--- Task inputs ---

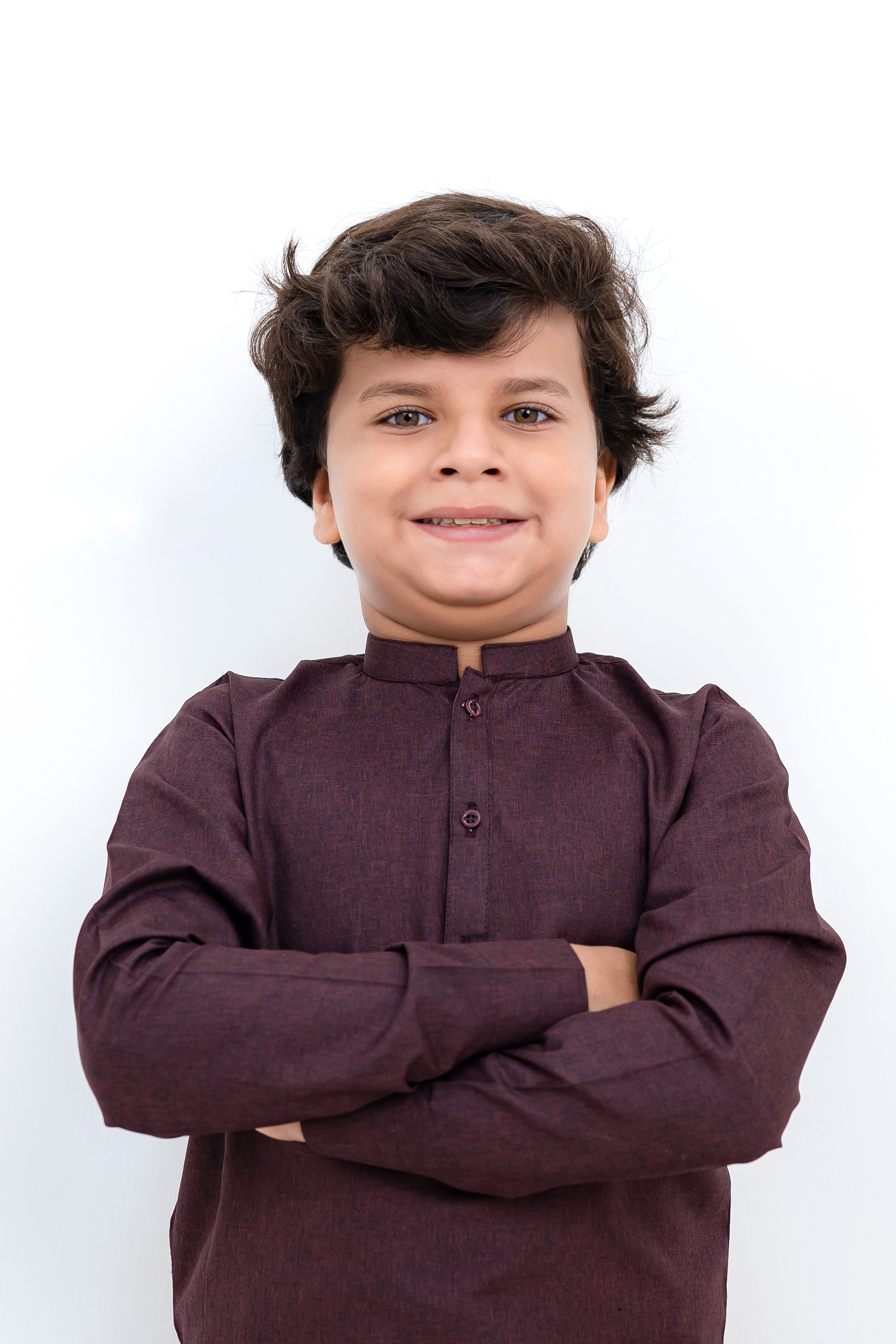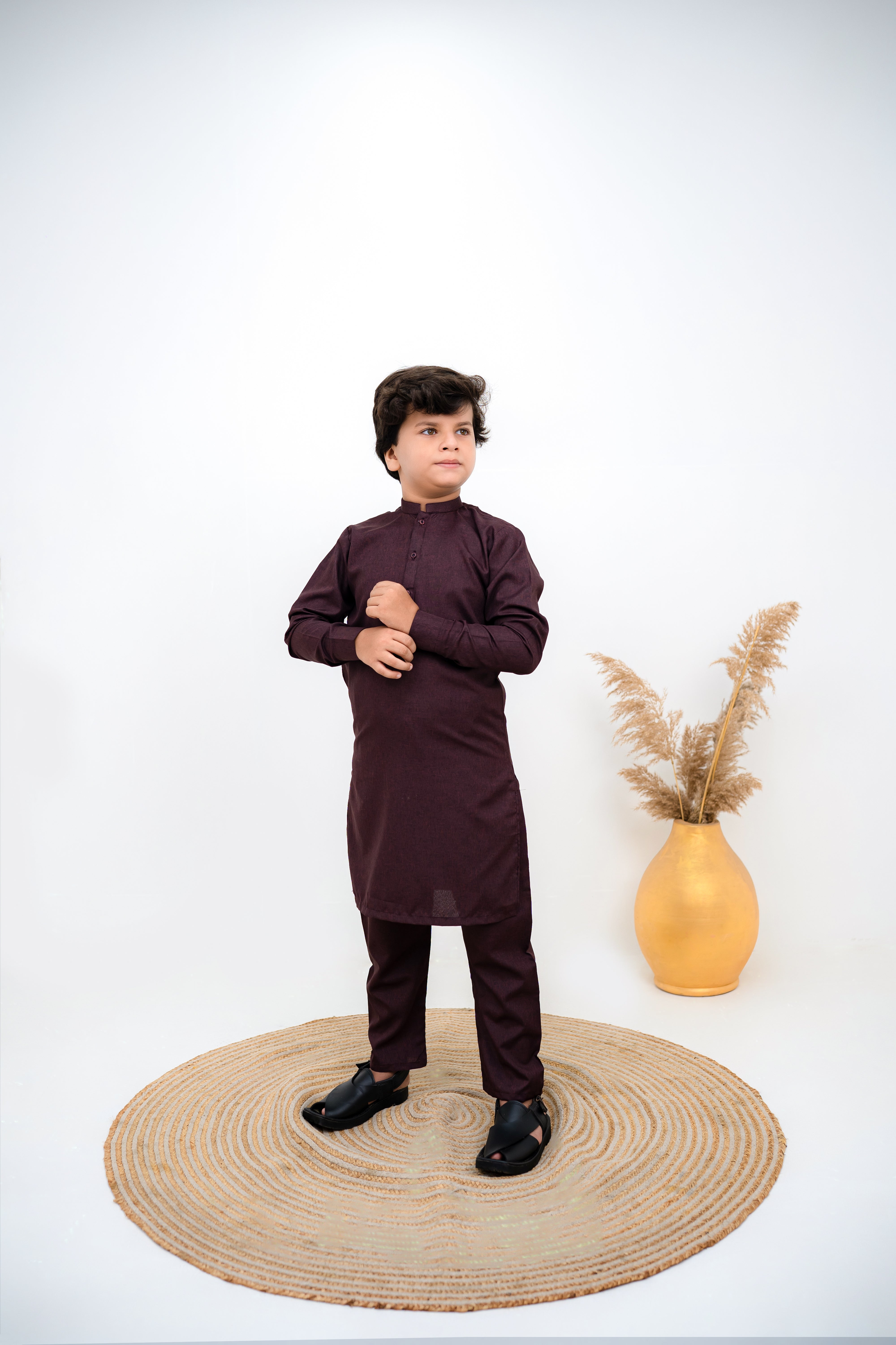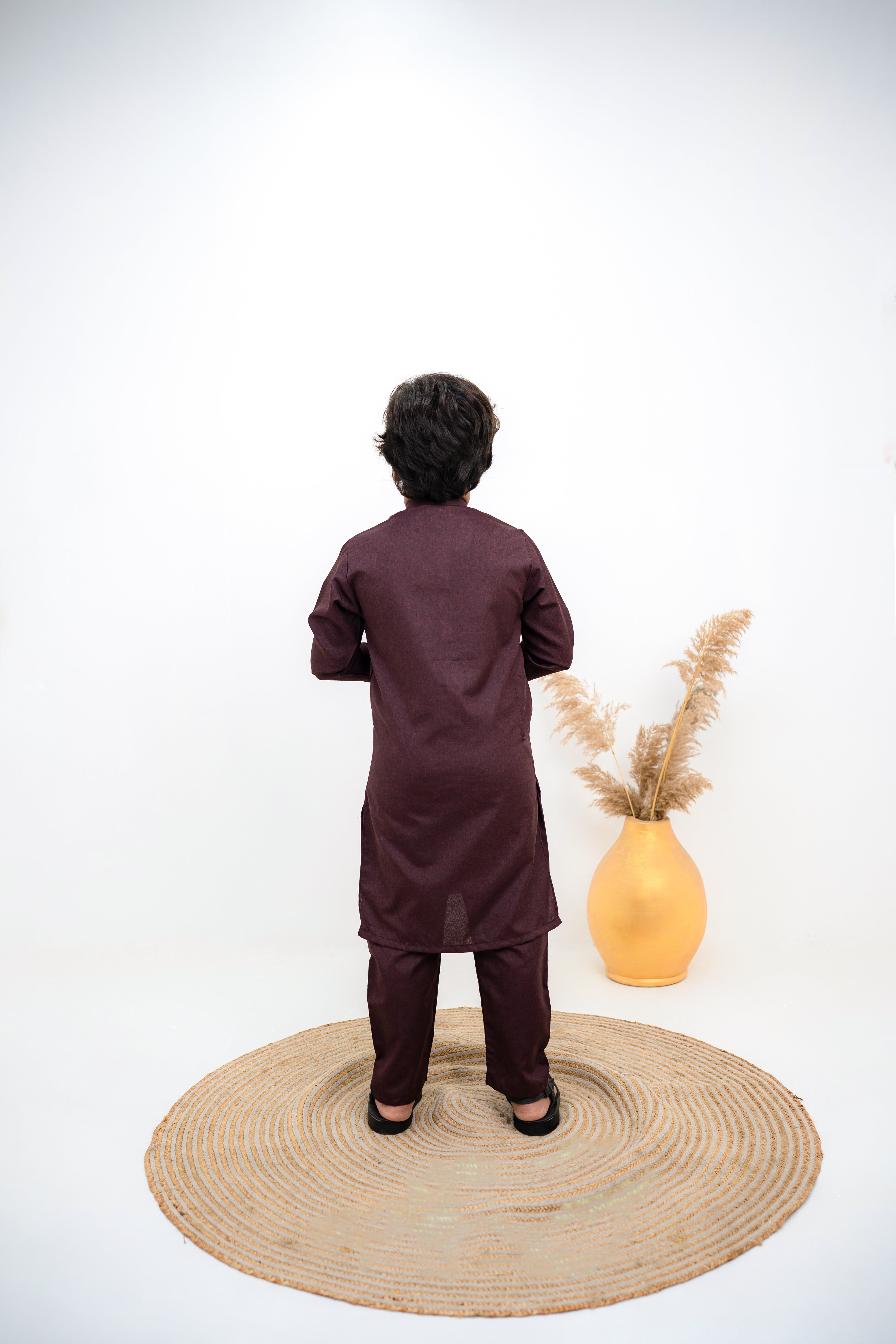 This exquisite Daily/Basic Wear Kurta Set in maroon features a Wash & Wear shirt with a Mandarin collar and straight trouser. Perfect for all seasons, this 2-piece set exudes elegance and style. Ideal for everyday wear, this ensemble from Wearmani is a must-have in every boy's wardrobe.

---
--- Task inputs ---

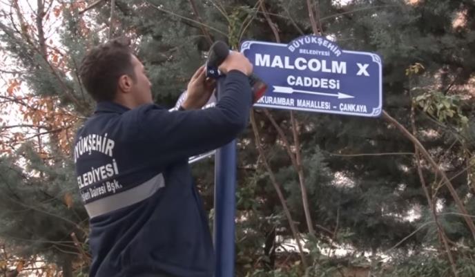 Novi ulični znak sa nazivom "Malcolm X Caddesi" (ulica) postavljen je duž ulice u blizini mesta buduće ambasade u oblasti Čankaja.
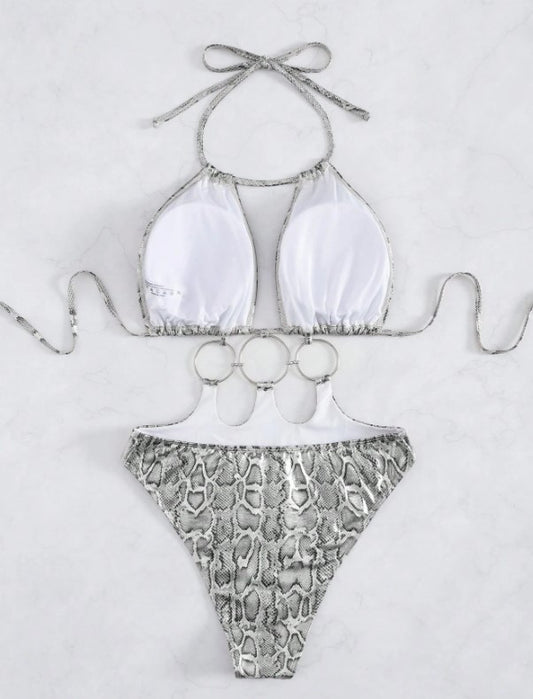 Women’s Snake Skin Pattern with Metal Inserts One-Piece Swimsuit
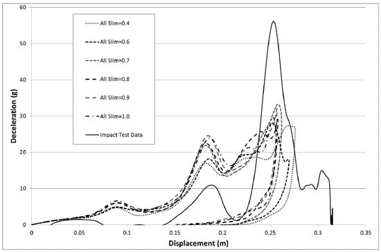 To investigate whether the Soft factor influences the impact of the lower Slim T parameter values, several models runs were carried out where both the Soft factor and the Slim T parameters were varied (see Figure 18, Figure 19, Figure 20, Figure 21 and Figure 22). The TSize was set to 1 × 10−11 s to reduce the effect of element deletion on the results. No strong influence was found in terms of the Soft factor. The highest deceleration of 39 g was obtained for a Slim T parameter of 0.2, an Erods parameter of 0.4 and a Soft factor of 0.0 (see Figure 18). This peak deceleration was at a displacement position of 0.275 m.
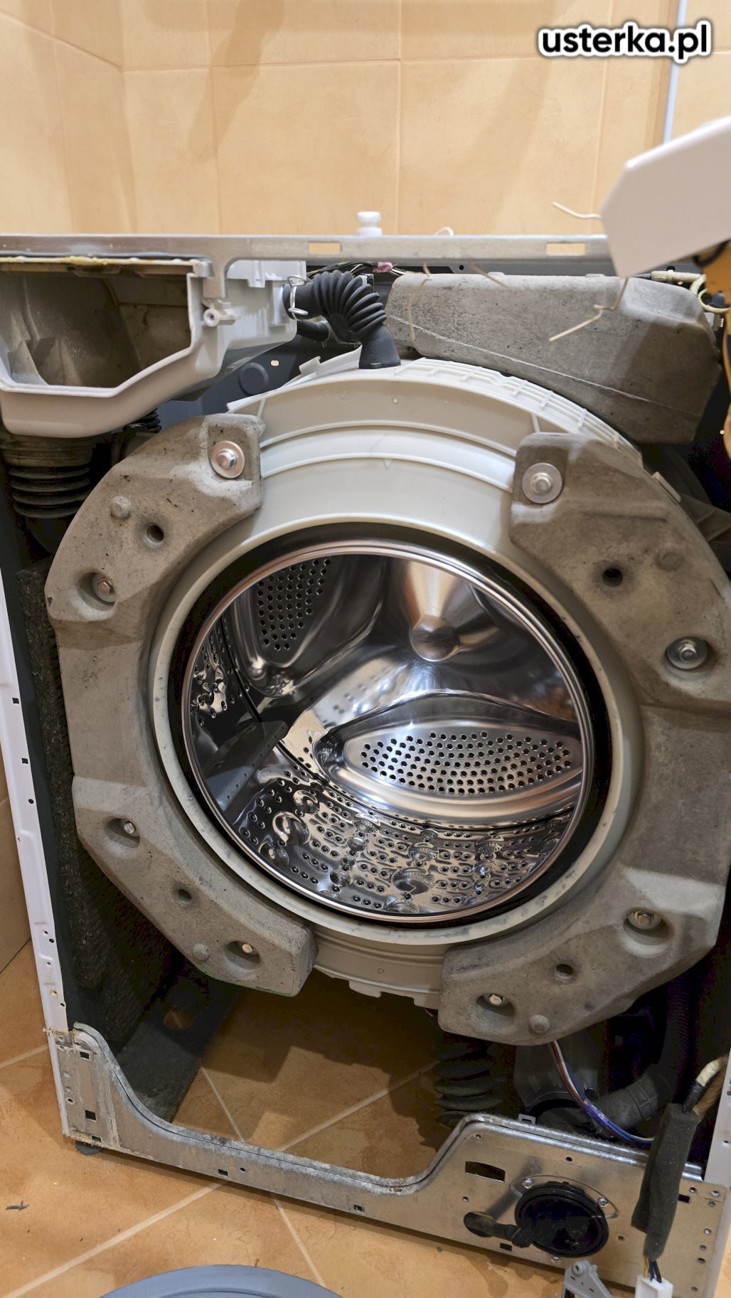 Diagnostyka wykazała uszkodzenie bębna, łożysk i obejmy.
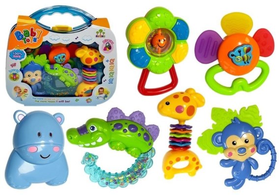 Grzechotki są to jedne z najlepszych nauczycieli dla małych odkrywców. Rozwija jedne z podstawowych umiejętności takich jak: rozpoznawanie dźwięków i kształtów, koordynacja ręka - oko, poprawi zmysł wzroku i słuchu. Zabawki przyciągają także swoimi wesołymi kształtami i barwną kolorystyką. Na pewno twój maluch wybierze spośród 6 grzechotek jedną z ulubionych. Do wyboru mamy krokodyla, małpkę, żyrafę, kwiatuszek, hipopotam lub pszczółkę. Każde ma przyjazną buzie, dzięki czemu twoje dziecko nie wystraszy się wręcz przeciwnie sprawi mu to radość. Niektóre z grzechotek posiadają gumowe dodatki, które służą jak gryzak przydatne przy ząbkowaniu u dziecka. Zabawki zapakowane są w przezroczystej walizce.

---

▶ What to work on
Output exactly the lines above, from the line with "Women’s Snake Skin" to the line with "Diagnostyka wykazała uszkodzenie", both included; skip the pictures.

▶ Task answer
 Women’s Snake Skin Pattern with Metal Inserts One-Piece Swimsuit
 To investigate whether the Soft factor influences the impact of the lower Slim T parameter values, several models runs were carried out where both the Soft factor and the Slim T parameters were varied (see Figure 18, Figure 19, Figure 20, Figure 21 and Figure 22). The TSize was set to 1 × 10−11 s to reduce the effect of element deletion on the results. No strong influence was found in terms of the Soft factor. The highest deceleration of 39 g was obtained for a Slim T parameter of 0.2, an Erods parameter of 0.4 and a Soft factor of 0.0 (see Figure 18). This peak deceleration was at a displacement position of 0.275 m.
 Diagnostyka wykazała uszkodzenie bębna, łożysk i obejmy.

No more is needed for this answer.